Task description
Would you write out the entries that follow word for word, omitting any images?

Exercise material
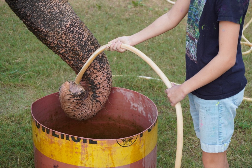 Am Ende galt es den Elefanten wieder von der Farbe zu befreien und er liess es sich nicht nehmen uns auch etwas zu duschen.
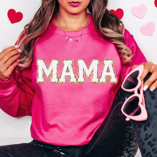 Personalized Glitter Patch Embroidered MAMA Sweatshirt and Kid Names on Sleeve Mother's Day Gift
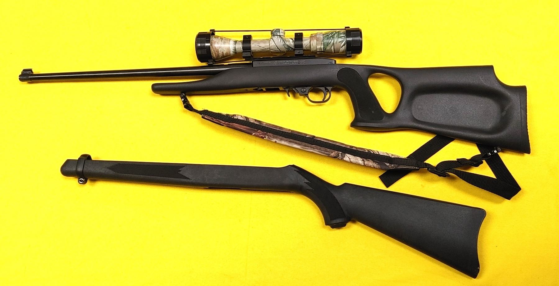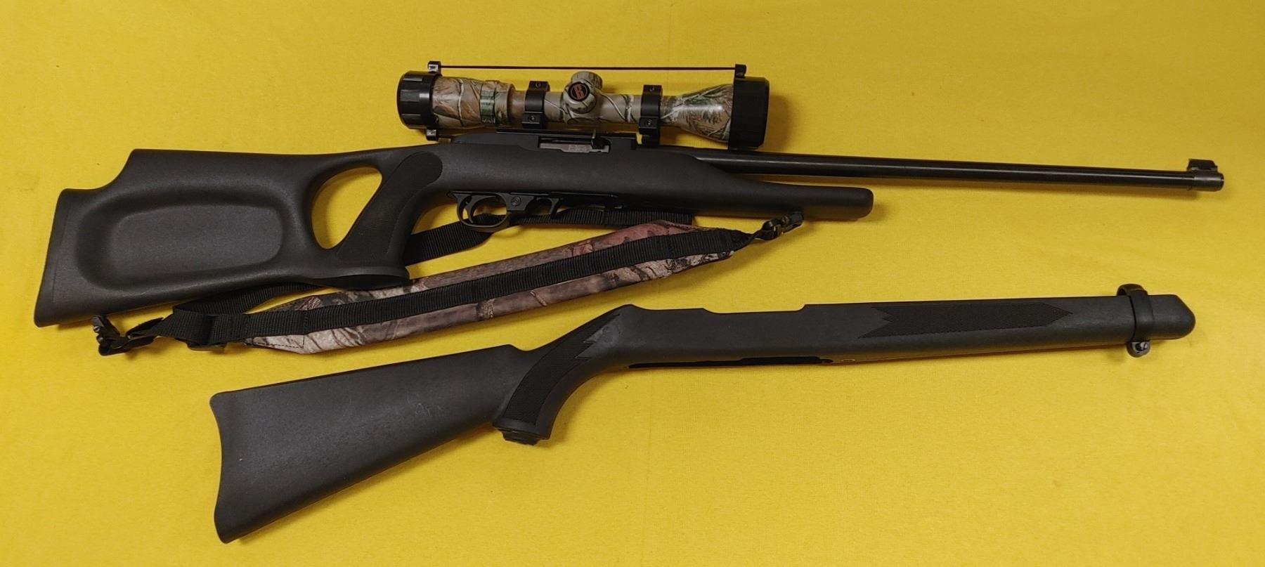 Lot 12 RUGER 10/22 50TH ANNIVERSERY 22LR 18.5in 10rnd W/CAMO SCOPE, AFTERMARKET, ORIGINAL STOCK AND BOX
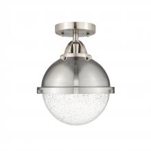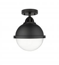 Hampden - 1 Light - 9 inch - Black Antique Brass - Matte Black Hampden 8" with Matte White glass Shade - Semi-Flush Mount
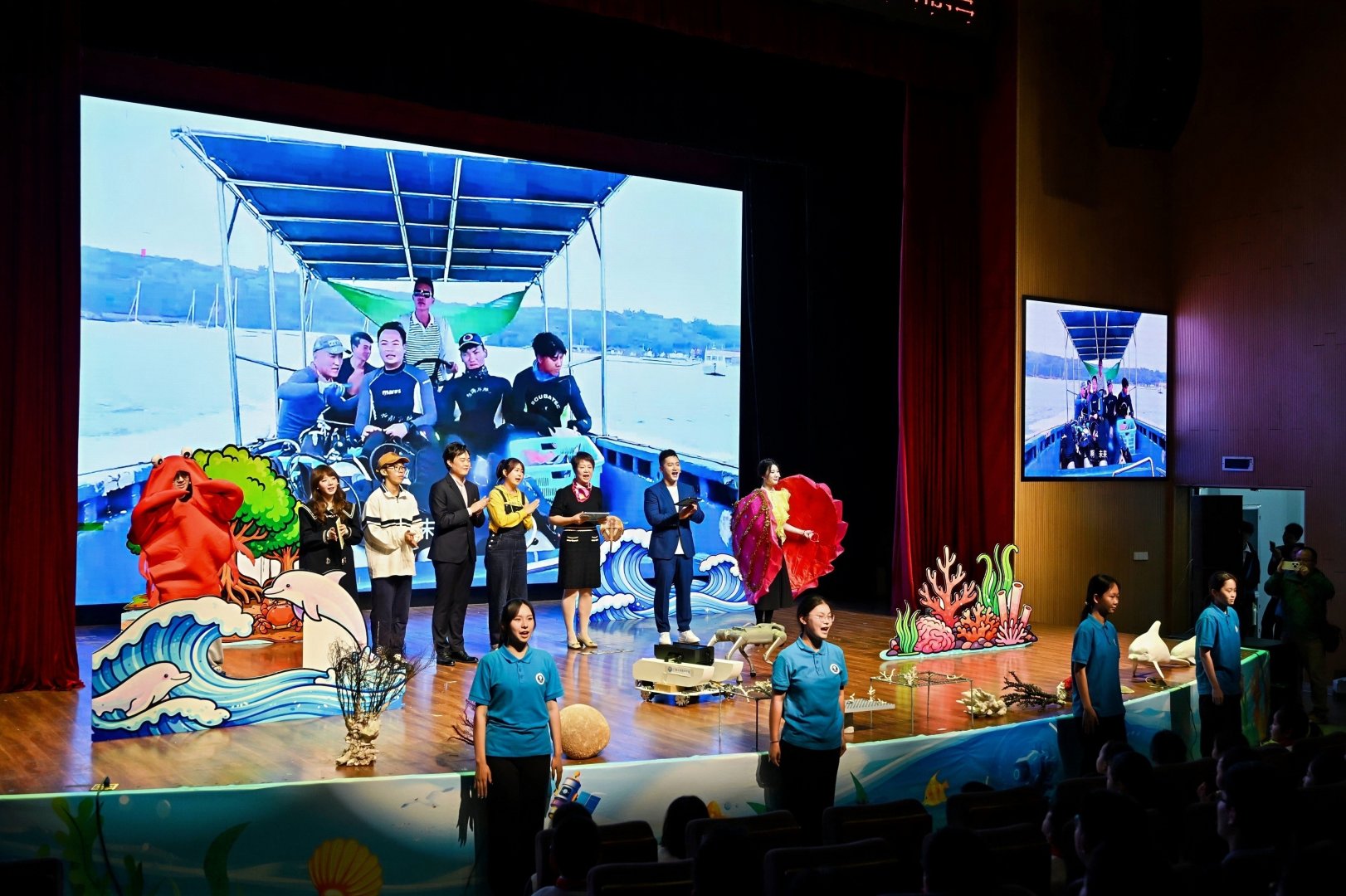 本次活动课程以海洋科普舞台剧为载体,课程中融入公司AI护海成果,突出本土生态特色与科技赋能亮点,引导青少年从认知北部湾、理解AI护海到践行护海行动,厚植海洋强国理念,彰显广西青年担当。现场同步设置了海洋古生物标本展、机器人互动、海洋科考实物展示区、潜水科普及海洋“留声”心愿墙,员工近距离触摸体验,直观感受科技赋能海洋保护的独特魅力。
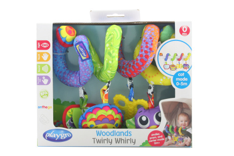 Měkká textilní spirála se snadno omotá kolem rukojeti kočárku nebo autosedačky. Během jízdy se na spirále budou pohupovat měkká textilní zvířátka, která překvapují i svými zvuky - hračky šustí a nebo chrastí. Na spirále visí i zrcátko, se kterým děti mohou krát hru na jukanou. Při růstu zoubků oceníte i kousátko ve tvaru motýlka. Rozměry balení cca 26 x 21 x 6 cm. Věk 0m+.
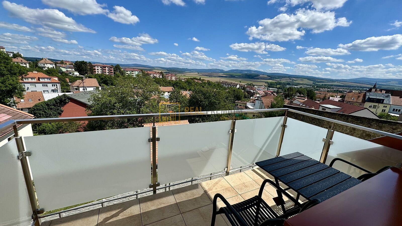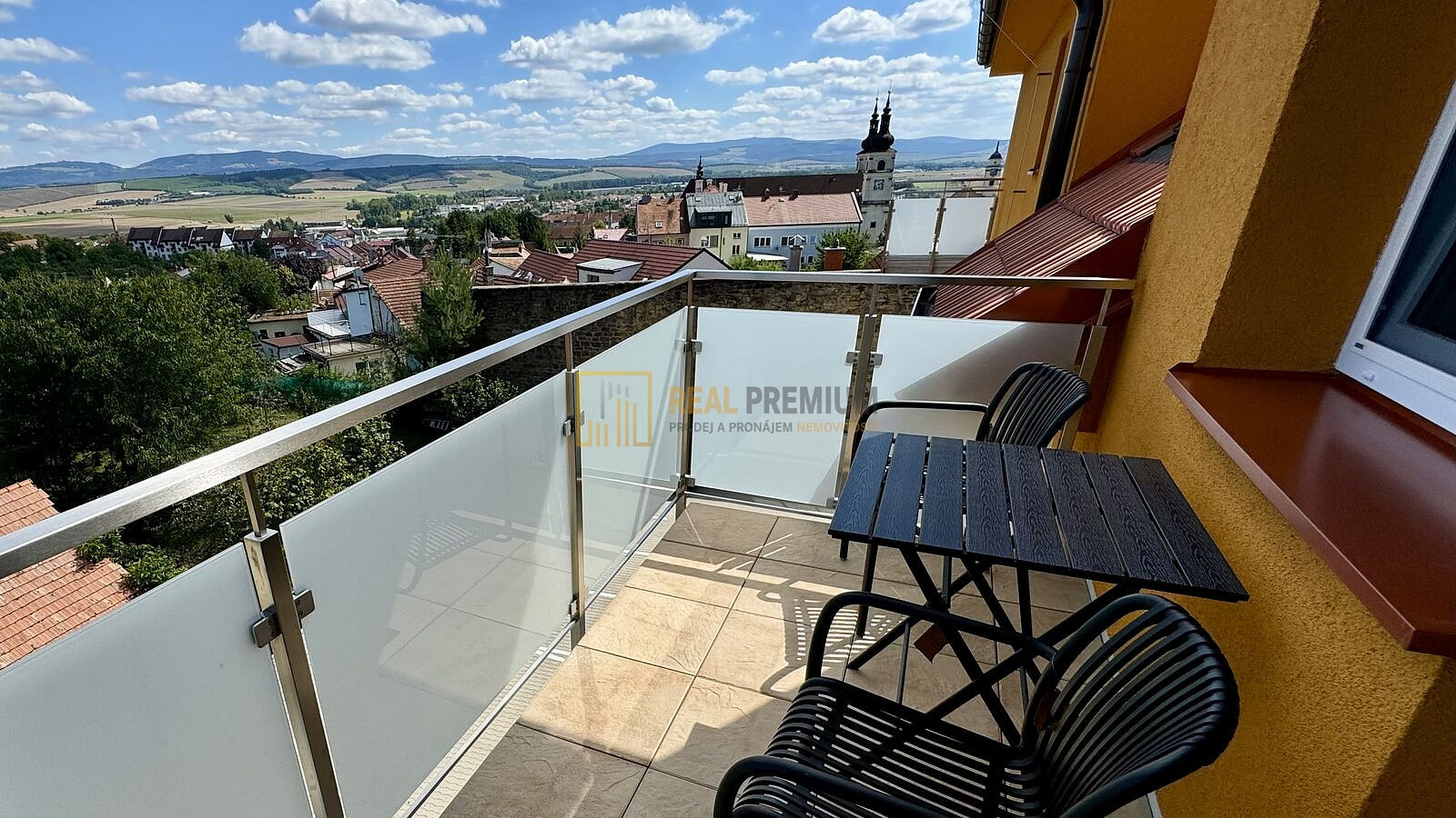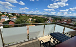 Z obývacího pokoje je vstup na balkon s výhledem do krajiny. Balkon je vybaven venkovním nábytkem.
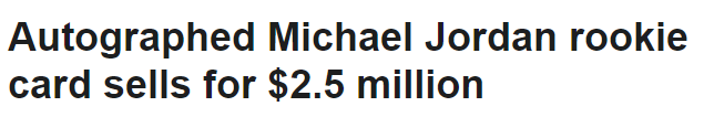 乔丹1986-87赛季新秀签名卡拍出250万 刷新乔丹新秀卡成交纪录
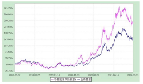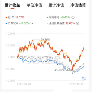 其次,在有明确投资方向时,选择同类中表现更好的基金。当我们已经有了比较明确的投资方向比如新能源板块或半导体板块,可以通过对比基金收益走势图来筛选。通过和沪深300指数走势线或同类基金业绩平均走势线的对比,大致能判断出这只基金的超额收益情况以及在同类产品中所处的位置,筛选出超额收益显著、在同类中处于领先位置的绩优基金。
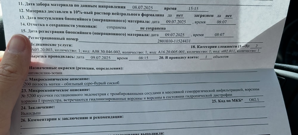 Медицинские вопросыДобрый день, к врачу только 12 августа, получила на руки гистологию после выкидыша , может кто-то подсказать, что это значит ? Прикрепляю фото. Спасибо!
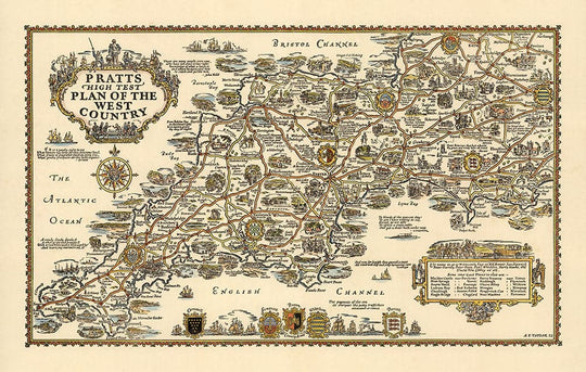 Pratts Plan des West Country, 1932 von A.E. Taylor: Somerset, Dorset, Devon, Cornwall

Answer area
 Am Ende galt es den Elefanten wieder von der Farbe zu befreien und er liess es sich nicht nehmen uns auch etwas zu duschen.
 Personalized Glitter Patch Embroidered MAMA Sweatshirt and Kid Names on Sleeve Mother's Day Gift
 Lot 12 RUGER 10/22 50TH ANNIVERSERY 22LR 18.5in 10rnd W/CAMO SCOPE, AFTERMARKET, ORIGINAL STOCK AND BOX
 Hampden - 1 Light - 9 inch - Black Antique Brass - Matte Black Hampden 8" with Matte White glass Shade - Semi-Flush Mount
 本次活动课程以海洋科普舞台剧为载体,课程中融入公司AI护海成果,突出本土生态特色与科技赋能亮点,引导青少年从认知北部湾、理解AI护海到践行护海行动,厚植海洋强国理念,彰显广西青年担当。现场同步设置了海洋古生物标本展、机器人互动、海洋科考实物展示区、潜水科普及海洋“留声”心愿墙,员工近距离触摸体验,直观感受科技赋能海洋保护的独特魅力。
 Měkká textilní spirála se snadno omotá kolem rukojeti kočárku nebo autosedačky. Během jízdy se na spirále budou pohupovat měkká textilní zvířátka, která překvapují i svými zvuky - hračky šustí a nebo chrastí. Na spirále visí i zrcátko, se kterým děti mohou krát hru na jukanou. Při růstu zoubků oceníte i kousátko ve tvaru motýlka. Rozměry balení cca 26 x 21 x 6 cm. Věk 0m+.
 Z obývacího pokoje je vstup na balkon s výhledem do krajiny. Balkon je vybaven venkovním nábytkem.
 乔丹1986-87赛季新秀签名卡拍出250万 刷新乔丹新秀卡成交纪录
 其次,在有明确投资方向时,选择同类中表现更好的基金。当我们已经有了比较明确的投资方向比如新能源板块或半导体板块,可以通过对比基金收益走势图来筛选。通过和沪深300指数走势线或同类基金业绩平均走势线的对比,大致能判断出这只基金的超额收益情况以及在同类产品中所处的位置,筛选出超额收益显著、在同类中处于领先位置的绩优基金。
 Медицинские вопросыДобрый день, к врачу только 12 августа, получила на руки гистологию после выкидыша , может кто-то подсказать, что это значит ? Прикрепляю фото. Спасибо!
 Pratts Plan des West Country, 1932 von A.E. Taylor: Somerset, Dorset, Devon, Cornwall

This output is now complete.